Se uno dovesse fare un’analisi su come il sistema vitivinicolo italiano comunica durante le fasi di crisi bisognerebbe affermare che l’Italia del vino è rappresentata solo da Angelo Gaja.
Certo, è una provocazione ma deve far riflettere questa perdurante difficoltà degli imprenditori, manager del vino italiani ad esprimersi, esporsi anche in una delle fasi più complesse della nostra storia.
E non si tratta tanto di “sfogarsi”, quanto di riuscire ad aprire un confronto aperto, capace di mettere in risalto problematiche e possibili soluzioni.
Noi, con tutti i nostri limiti, ci stiamo provando in tutti i modi per stimolare questo confronto ma dobbiamo ammettere che fino ad oggi abbiamo prodotto solo un “leggero venticello”.
Anche dal nostro continuo ascolto di produttori e manager riceviamo spesso preoccupazioni ma al tempo stesso una oggettiva difficoltà ad esporsi, ad essere più franchi, trasparenti.
Sono molti, ad esempio, quelli che ci chiedono di parlare con il triste “microfono spento”.
Perché c’è questa paura?
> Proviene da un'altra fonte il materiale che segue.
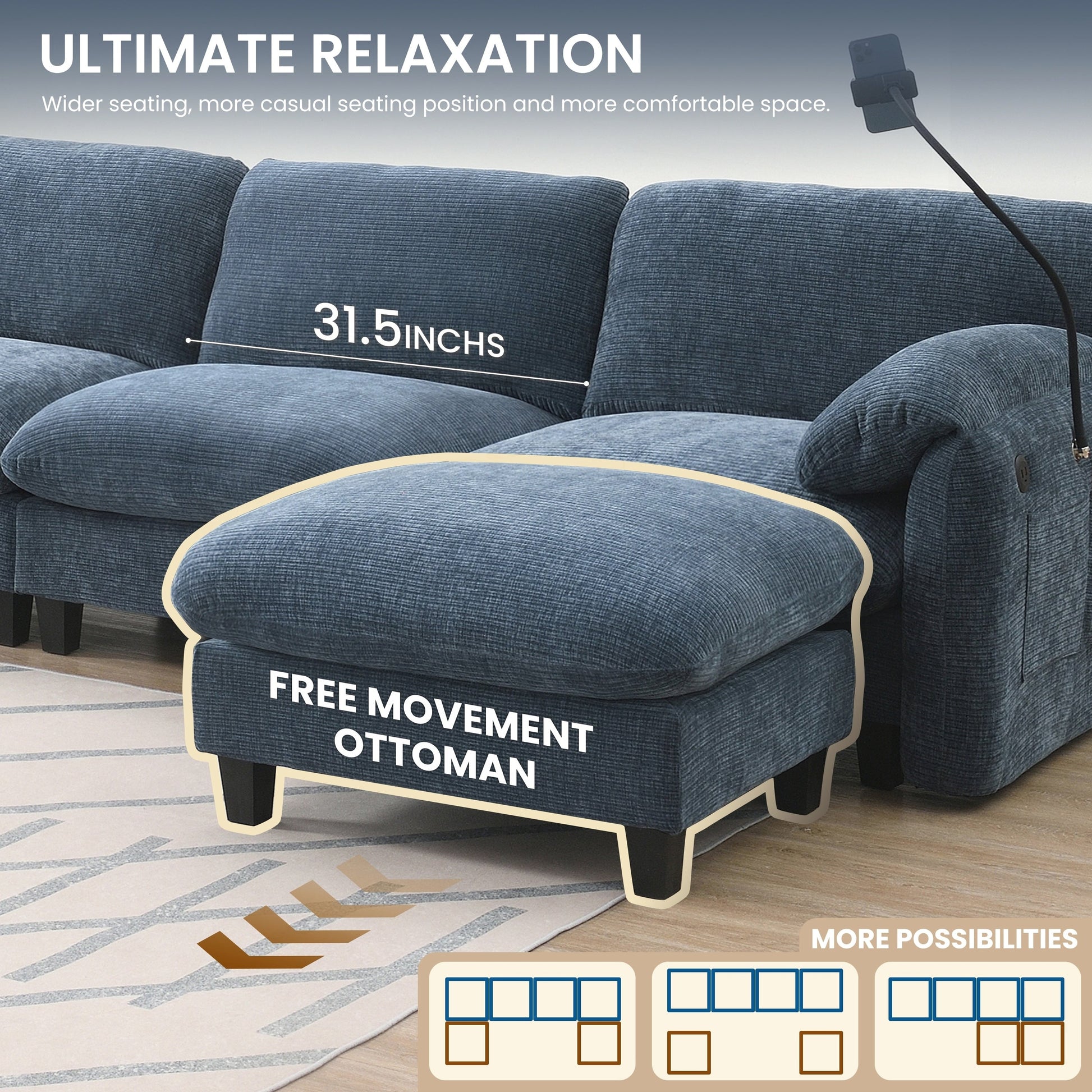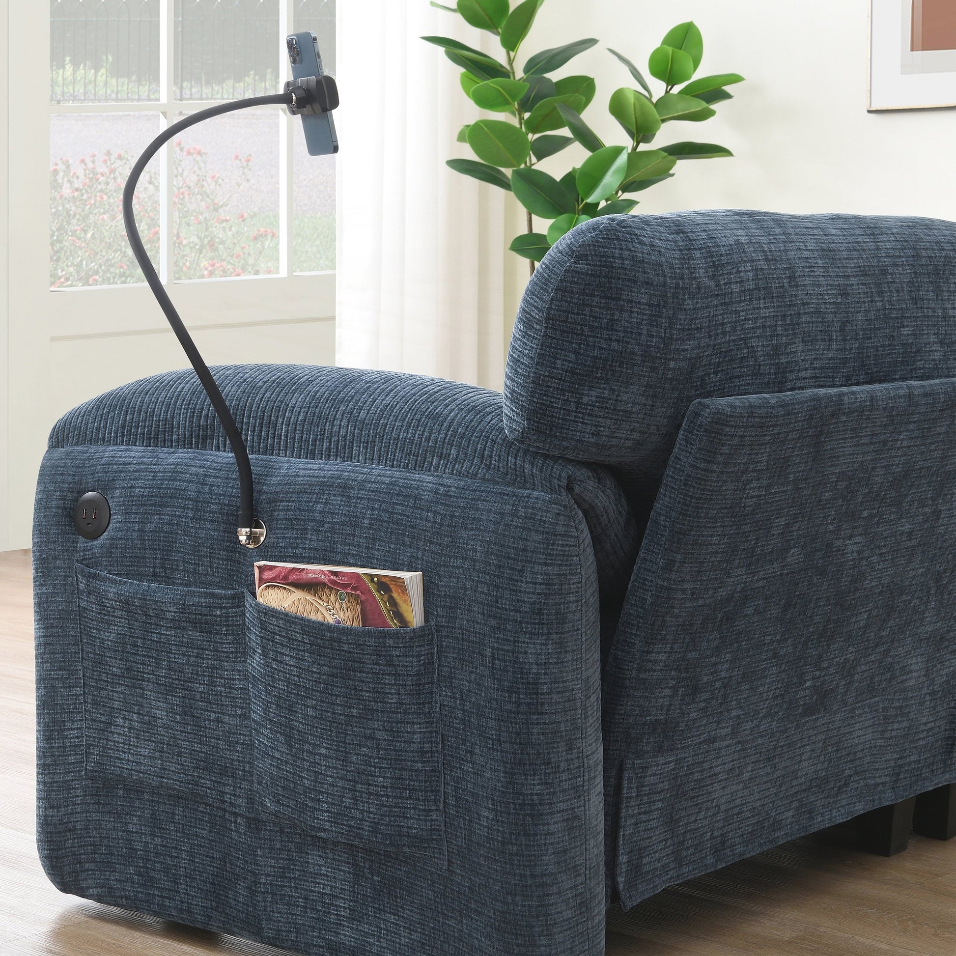 Support et chargeur de téléphone : Le support de téléphone fixe les appareils pour éviter qu'ils ne glissent dans les espaces entre les canapés, sans nécessiter de supports séparés. L'accoudoir s'adapte à la morphologie du corps. Les chargeurs sont dotés de ports intégrés, ce qui élimine les multiprises et le souci de la batterie.
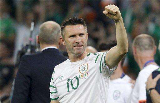Ireland's Robbie Keane celebrates at the end of the Euro 2016 Group E soccer match between Italy and Ireland at the Pierre Mauroy stadium in Villeneuve d’Ascq, near Lille, France, Wednesday, June 22, 2016. Ireland won 1-0. (AP Photo/Antonio Calanni) The Associated Press
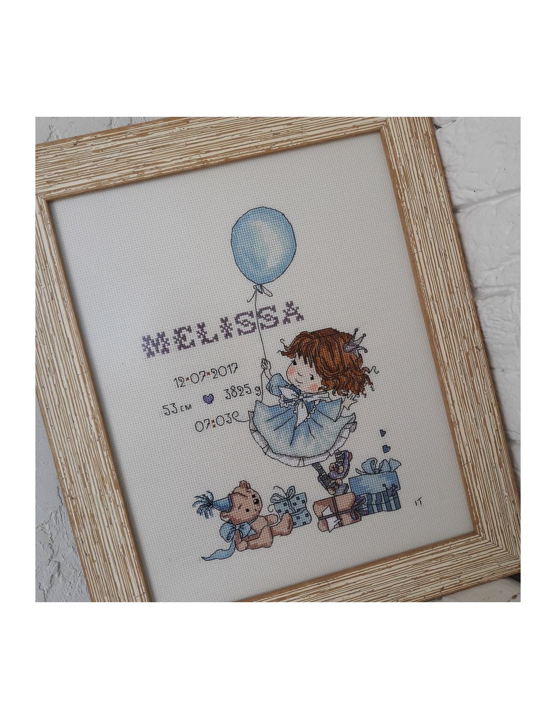 Tabloul este personalizat prin brodare manuală cu datele solicitate (data de naștere, ora, greutatea bebelușului, înălțime etc).
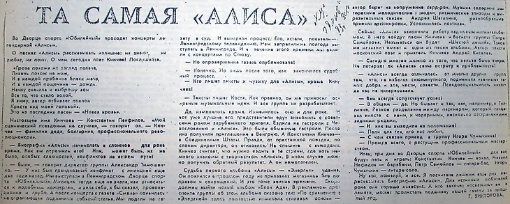 К. Кинчев: «Мы ездили в Ташкент. Прием теплый был, а публики... В Ташкенте зал на четыре тысячи, а билетов продали полторы. С рекламой было никак. Кассы открывали за сорок минут до концерта и продавали билеты только на этот концерт.»
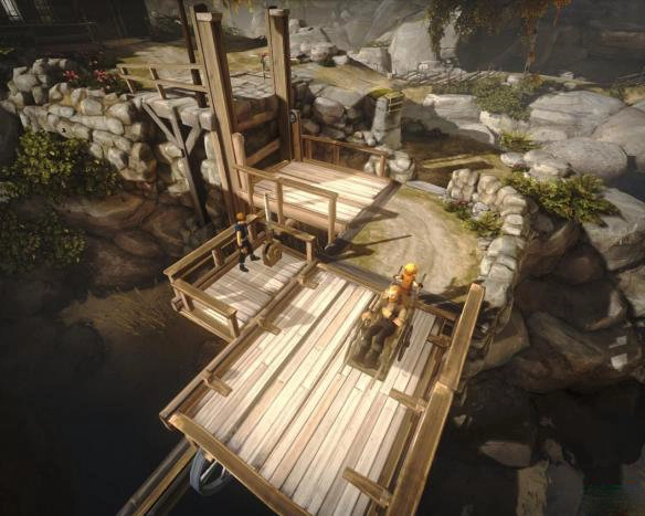 2.他们沿着蜿蜒的道路朝着桥的方向前行,途中遇到一个简单的解谜关卡。此处,弟弟因力气不足,无法扳动把手,这时就需要玩家操控哥哥来完成这一动作。成功过桥后,向右前进,来到一个断掉的梯子下方。哥哥发挥自身优势,将弟弟高高抬起,弟弟顺利爬上高处后,把旁边的绳子放下,助力哥哥也攀爬上来。随后,兄弟俩齐心协力,一同扳动升降机旁的把手,继续踏上征程。
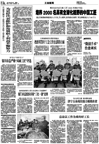 此外,交通建设系统各级工会注重服务产业发展中心,积极发挥主力军组织者作用。港珠澳大桥、保障性安居工程等重大工程劳动竞赛蓬勃开展。“三比一降”节能减排、“五小”职工技术创新活动扎实推进,劳模创新工作室迅速发展。“安康杯”竞赛和班组建设卓有成效,水运、道路运输、城市公交、建筑施工、市政公用等行业安全生产水平明显提高。职工素质建设工程稳步推进,海员、港口机械驾驶员、汽车驾驶员、镶贴工、污水处理工等各工种技能大赛广泛开展。
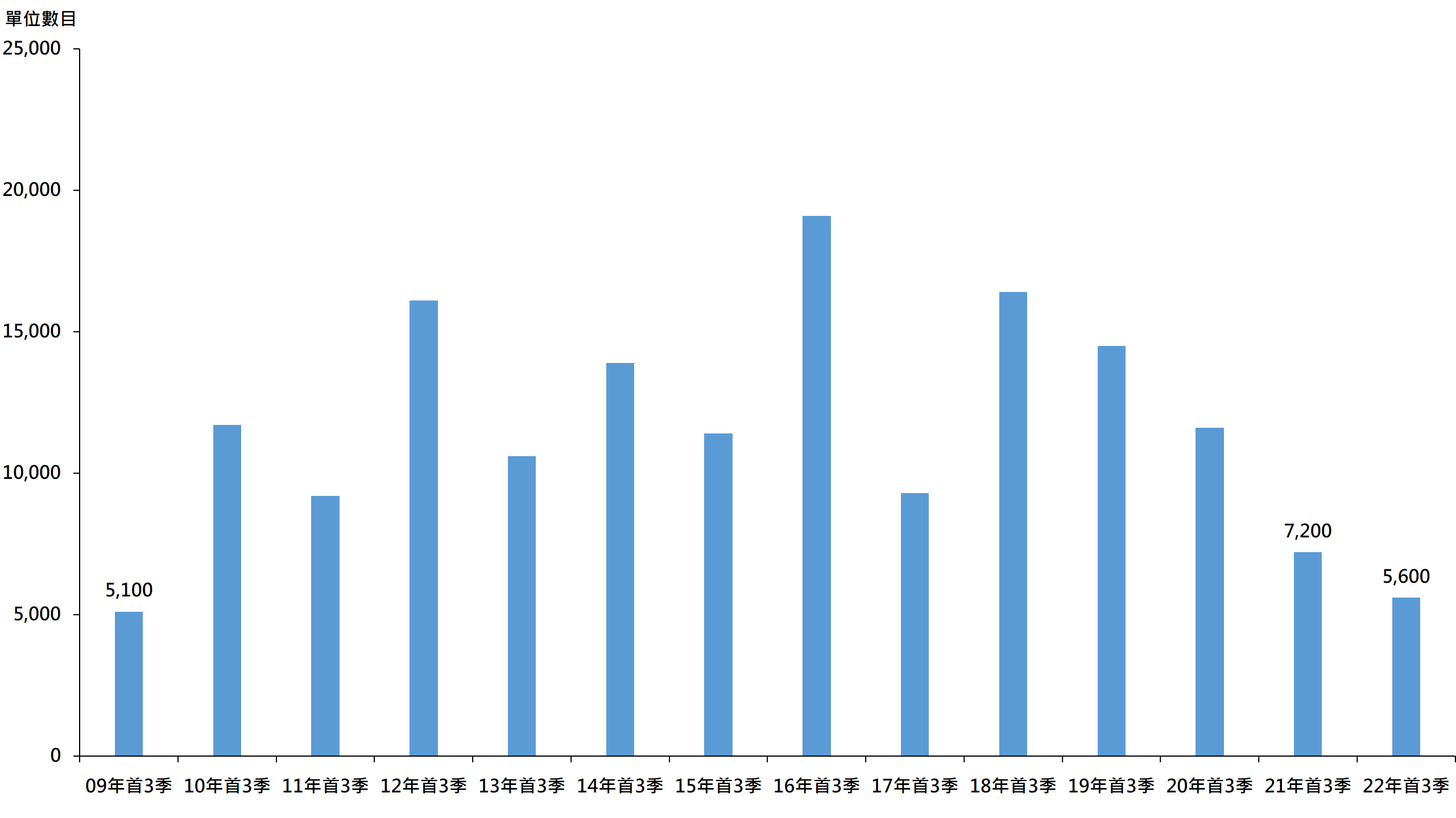 而未來三至四年潛在新供應單位數目(包括建築中未售出單位數目、已落成未售出單位數目及已批出土地可隨時動工項目的單位數目)於第3季錄約95,000伙,較第2季約98,000伙減少約3.1%,主要是因為建築中未售出單位數目由錄第2季約66,000伙,減少約4.5%至第三季約63,000伙;反觀,已落成未售出單位數目錄約15,000伙,較第2季約14,000伙升約7.1%;而已批出土地可隨時動工項目(「熟地」)的單位數目錄約17,000伙,按季持平。
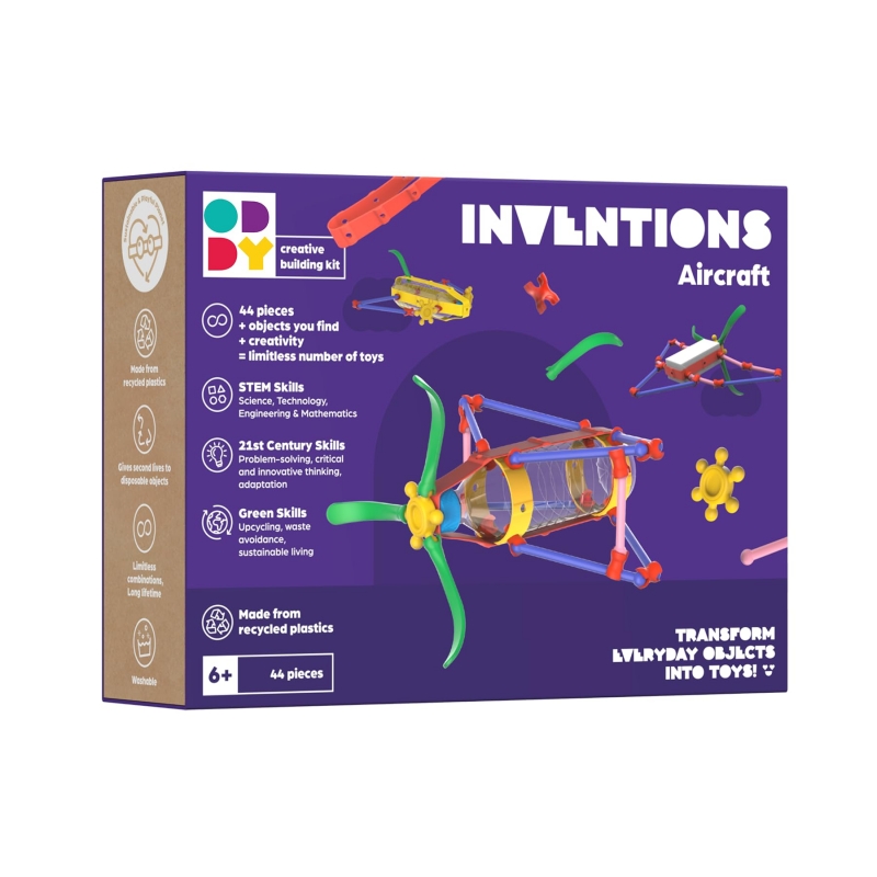 Convierte objetos cotidianos en invenciones con el kit de construcción creativo ecológico Oddy Inventions. Este innovador juego de construcción de juguetes permite a los niños/as reciclar artículos como botellas de plástico y coladores, transformándolos en vehículos imaginativos con ruedas, helicópteros, poleas, ruedas de ferris y otros mecanismos.

Un noto produttore veneto nei giorni scorsi ci ha sottolineato come questo atteggiamento “omertoso” di fatto appartiene storicamente ai rappresentanti di un settore che continua ad avere profonde radici rurali e quindi è da ascrivere ad aspetti di natura culturale.
In parte questa interpretazione può essere corretta ma noi non ci accontentiamo della solita motivazione “culturale” che rischia, in una fase delicata come questa, di non far compiere al nostro sistema vitivinicolo quelle indispensabili trasformazioni.
E sì, perché a nostro parere, come abbiamo spesso sottolineato in questi difficili mesi, non si può considerare Covid-19 la causa di tutti i mali del nostro settore. In tempi di crisi come questi ritenere i “nemici” delle nostre imprese, dei mercati, solo i fattori “esterni” sarebbe un errore imperdonabile.
Per questa ragione anche questa difficoltà a comunicare, ad essere trasparenti, ad avere il coraggio di esporsi è sintomatica di un limite preoccupante del nostro comparto.
In questi mesi, grazie anche ai social media, ma anche ai media più tradizionali, abbiamo seguito con estremo interesse l’acceso dibattito che si è aperto in molti comparti economici.
Basterebbe seguire, ad esempio, il confronto apertissimo che quotidianamente si svolge sulle pagine di LinkedIn dove imprenditori e manager di molti settori discutono sulla situazione attuale, riportano analisi di vari osservatori, riprendono articoli di diversi media, propongono possibili soluzioni. Senza dimenticare quello che avviene in un contenitore mediatico tradizionale come la “vecchia” televisione che ogni giorno comunque propone talk dedicati alle problematiche di svariati comparti economici.
Il vino però non si sente mai. E’ come se fosse una sorta di oasi felice, un comparto da interpellare solo quando c’è da festeggiare qualcosa, per fare un po’ di colore a “Porta a Porta”.
Non è un bel segno. Significa che siamo ancora ben lontani dall’essere un settore economico maturo.
Temiamo che questo nascondersi non sia una tattica ma la prova provata di un grave limite del nostro comparto.
E d’altro canto, come abbiamo anche in queste ultime settimane sottolineato, il nostro è un settore che tutt’oggi, nonostante tutto, continua ad avere difficoltà anche a comunicare al meglio le sue molteplici positività.
Al punto che anche nel nostro Italian Wine Tour abbiamo dovuto registrare come il vino italiano racconti solo una piccola parte dei suoi straordinari valori.
Non vorremmo che questa pandemia, tra i vari danni che sta già provocando, diventi anche un perfetto alibi per molti produttori nel proseguire con il loro preoccupante silenzio.